Banten

GAWAT? Israel Gemetar Lihat Teknologi Rudal Iran: Satu Langkah Lagi Jadi Hulu Ledak Nuklir!

Abdurahman | 21 April 2026, 21:17 WIB
GAWAT? Israel Gemetar Lihat Teknologi Rudal Iran: Satu Langkah Lagi Jadi Hulu Ledak Nuklir!
Rudal milik Iran, satu langkah lagi jadi Hulu Ledak Nuklir (Foto: Times of Islamabad)

Dunia internasional kini berada di ambang kecemasan tinggi. Intelijen dan pakar militer Israel mulai blak-blakan mengenai ancaman nyata yang datang dari Teheran. Bukan lagi sekadar gertakan, teknologi rudal Iran disebut telah mencapai level yang memungkinkan mereka meluncurkan serangan nuklir dalam waktu singkat.

AKURAT BANTEN – Situasi di Timur Tengah semakin mencekam. Laporan terbaru mengungkapkan bahwa kemajuan teknologi rudal Iran telah membuat para petinggi militer di Tel Aviv waspada penuh.

Fokus utama kecemasan ini bukan hanya pada jumlah rudal yang dimiliki Iran, melainkan pada kemampuan teknis rudal tersebut untuk membawa hulu ledak nuklir yang mematikan.

Baca Juga: Netanyahu 'Shock'! Apa yang Dilakukan Tentara Israel Hancurkan Patung Yesus Kristus dengan Palu Godam, Picu Amarah Dunia!

Teknologi yang Tak Terbendung

Tal Inbar, seorang pakar kebijakan kedirgantaraan terkemuka dari Israel, mengungkapkan fakta yang menggetarkan.

Menurutnya, Iran tidak perlu melakukan revolusi teknologi besar-besaran untuk mengubah rudal konvensional mereka menjadi pengangkut bom atom.

Secara teknis, rudal-rudal seperti seri Shahab-3, Ghadr, hingga Emad hanya memerlukan modifikasi ringan pada bagian kompartemen hulu ledak untuk bisa mengangkut beban nuklir sebesar 500 kilogram.

Secara teoretis, setiap rudal dengan kapasitas muatan sekitar 500 kilogram dapat dipasangi hulu ledak nuklir. Ini bukan lagi masalah teknis yang besar bagi Iran. Mereka sudah memiliki kendaraannya, mereka hanya tinggal menunggu intinya. — Tal Inbar, Pakar Rudal Israel.

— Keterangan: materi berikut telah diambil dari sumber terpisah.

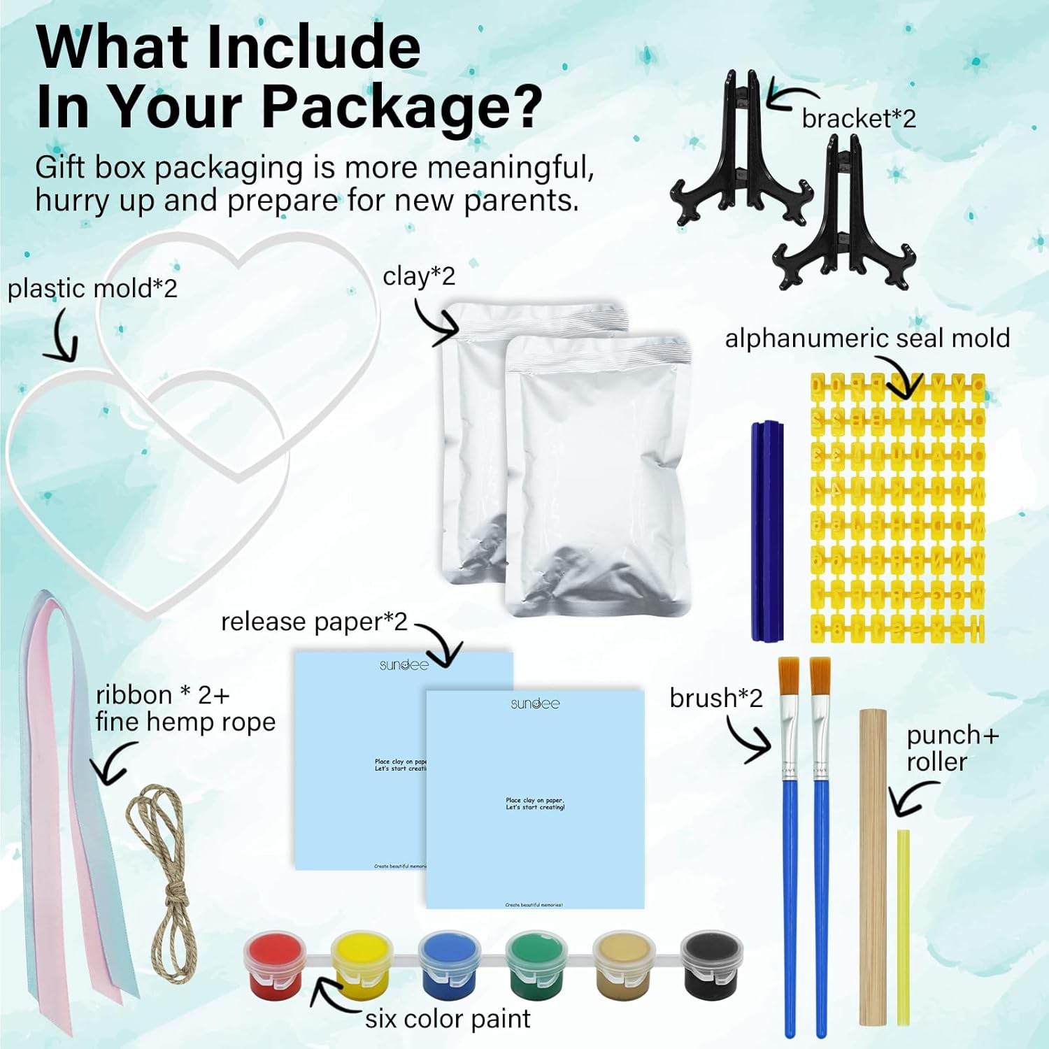 - Handprint Set:The Handprint set consists of soft, baby-safe clay that is easy to use - there is no need to mix or bake, just press your baby's hand or foot into the clay to form an imprint and allow air to dry to form a detailed impression.

Baca Juga: Bukan Lawan Biasa, Inilah 3 Negara yang Bikin Israel Murka karena Dukung Iran, Salah Satunya Kekuatan NATO!

Jangkauan Mengerikan Hingga 5.000 KM

Keberhasilan Iran mengembangkan kendaraan peluncur luar angkasa seperti Ghaem-100 menjadi sinyal merah bagi dunia.

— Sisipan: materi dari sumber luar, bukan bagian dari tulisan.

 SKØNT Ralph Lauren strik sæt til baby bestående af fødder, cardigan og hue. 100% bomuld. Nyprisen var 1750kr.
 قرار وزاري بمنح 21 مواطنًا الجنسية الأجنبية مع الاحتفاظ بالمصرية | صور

Jika dialihfungsikan sebagai rudal militer, senjata ini mampu menjangkau target hingga 5.000 kilometer.

Artinya, bukan hanya Israel yang terancam, tetapi sebagian besar wilayah Eropa juga berada dalam jangkauan serangan.

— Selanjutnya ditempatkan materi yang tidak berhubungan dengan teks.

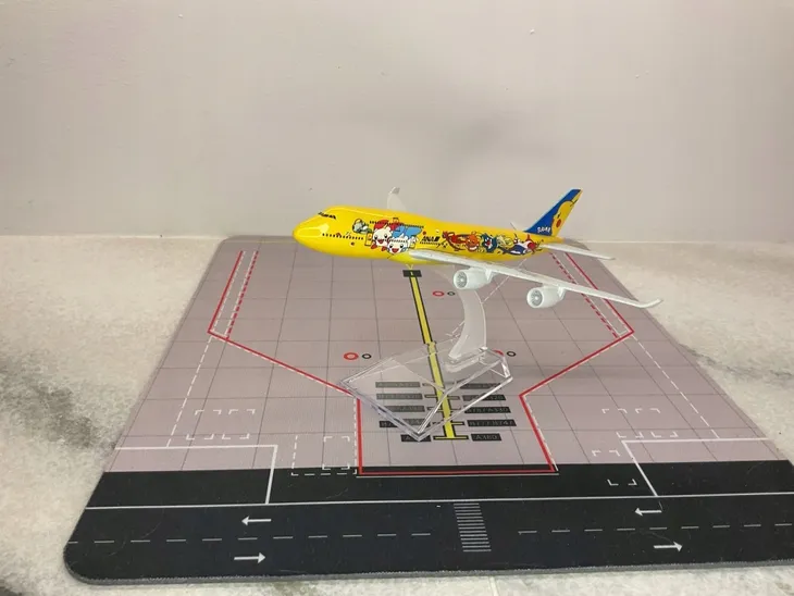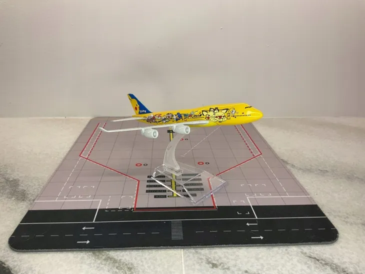 Model samolotu Boeing B747 w malowaniu ANA Pokemon. Model cechuje się wyjątkową dbałością o szczegóły, dzięki czemu idealnie nadaje się do kolekcji miłośników lotnictwa lub jako wyjątkowa ozdoba.

Tak berhenti di situ, Iran juga mulai menguji teknologi MIRV (Multiple Independently Targetable Reentry Vehicles).

Teknologi ini memungkinkan satu buah rudal membawa beberapa hulu ledak sekaligus untuk menghantam kota-kota yang berbeda secara bersamaan.

Sebuah mimpi buruk bagi sistem pertahanan udara mana pun, termasuk Iron Dome.

Baca Juga: Gempar! Trump Hari ini Hardik Israel: 'DILARANG Serang Lebanon, Cukup Sudah!'

Ambang Batas Nuklir: 60% Menuju 90%

Yang membuat Israel semakin "gemetar" adalah fakta bahwa Iran saat ini telah memiliki cadangan uranium yang diperkaya hingga kemurnian 60%.

Secara saintifik, lonjakan dari 60% menuju 90% (level senjata nuklir) jauh lebih mudah dan cepat dibandingkan proses awal dari 0% ke 60%.

Meskipun Iran mengklaim program nuklirnya untuk tujuan damai, namun arsip nuklir yang diselundupkan Israel menunjukkan bahwa Iran telah menguji hampir semua komponen bom atom sejak dua dekade lalu.

Baca Juga: Skenario Sabotase Terendus! Erdogan Peringatkan Dunia soal Ulah Israel di Balik Layar

Langkah Israel Selanjutnya?

Ketegangan ini memicu spekulasi bahwa Israel mungkin akan melakukan serangan preemptive (pencegahan) terhadap fasilitas nuklir Iran di Isfahan sebelum Teheran benar-benar melewati "garis merah".

Dunia kini menunggu dengan cemas: Apakah diplomasi masih punya ruang, ataukah dentuman nuklir akan menjadi babak baru di Timur Tengah?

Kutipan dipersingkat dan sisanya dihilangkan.